In vitro FRET imaging of cAMP signaling
The PDE4DIP NM_001002811 transcript was cloned into an mCherry-tagged plasmid and a point mutation, resulting in an alanine to threonine substitution at amino acid 123, was induced using site directed mutagenesis and verified by sequencing. Human embryonic kidney (HEK) cell line 293T was transfected with the PDE4DIP mutant and control plasmids using the Lipofectamine transfection kit. Transfection efficiency was verified by percentage m-cherry expression on fluorescent microscopy (>50%). The cells were then co-transfected with the FRET sensor plasmids using the Lipofectamine kit and incubated on 35mm microwell dishes with 14mm glass coverslip for 3 days to achieve 60-70% confluency.
Intracellular cAMP imaging was done using FRET sensors and confocal microscopy at baseline, and at 4 minutes after stimulation with 1uM isoproterenol (cAMP activator). Further imaging was done 4 minutes after stimulation with 25 uM of Forskolin (strong cAMP activator) under live confocal microscopy. A fourth generation Epac-based FRET sensor (mTurquoise2Δ-Epac (CD, ΔDEP, Q270E)-tdcp173Venus (Epac-SH187)) was used as previously described (Klarenbeek, Goedhart, van Batenburg, Groenewald, & Jalink, 2015). This sensor consists of a full-length cAMP-binding Rap-1 activating protein Epac, which is sandwiched between the donor and acceptor fluorescent proteins with larger conformational change, and FRET change compared to sensors with partial Epac. Fourth generation of cAMP sensors have superior photo-stability, dynamic range and signal-to-noise ratios. The design is based on mTurquoise2 as a bleaching-resistant donor, and a tandem of two cp173Venus fluorophores as acceptors.

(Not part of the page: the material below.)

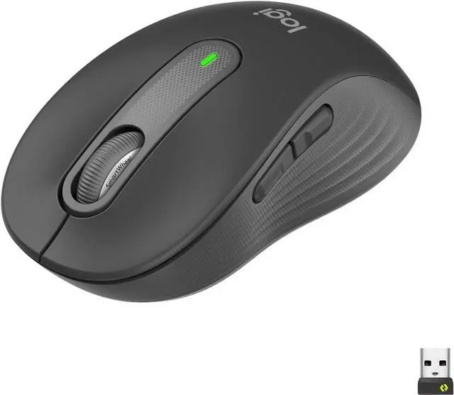 Included Items M650 Wireless Mouse USB Receiver 1 AA Battery User documentation Features Scroll smarter With Logitech Signature M650 Wireless Mouse you get line-by-line precision for documents and super-fast scrolling for long web pages; simply switch modes with a flick of the SmartWheel. The optimal fit for your hand This comfortable mouse is designed for small-to-medium sized hands, for the optimal fit. Upgrade your comfort This work mouse provides long hours of comfort thanks to a contoured shape, soft thumb area, and rubber side grips that keep your hand snug and in place.

FRET was quantified using 3 cube ratiometric imaging with analysis in MATLAB using previously developed custom software (A. Kumar et al., 2016). Images were acquired on an inverted Nikon Eclipse Ti widefield microscope equipped with a cooled charged-coupled device Cool SNAP HQ2 camera using a 20x 0.75 NA objective at 37°C. Three sequential images were acquired with the following filter combinations: donor (mTurquoise2) channel with 460/20 (excitation filter-ex), T455lp (dichroic mirror-di) and 500/22 (emission filter-em); FRET channel with 460/20 (ex), T455lp (di) and 435/30 (em); and acceptor (Venus) channel with 492/18 (ex), T515lp (di) and 535/30 (em) filter combinations. For analysis, donor leakage was determined from 293T cells transfected with mTurquoise2 and acceptor cross excitation was obtained from Vinculin-Venus transfected cells. All three FRET images (mTurquoise2, Venus, FRET) were background subtracted and filtered by three-point smoothening. FRET maps and pixel-wise FRET index was calculated as:
FRET index = [FRET channel – x(Donor channel) – y(Acceptor channel)]/[Acceptor channel]
Where x is the leakage co-efficient and y is the cross-excitation fraction. Masks for each cell were generated by thresholding mCherry positive cells using the mTurquoise images. Mean FRET index per cell was calculated for each field under each treatment condition.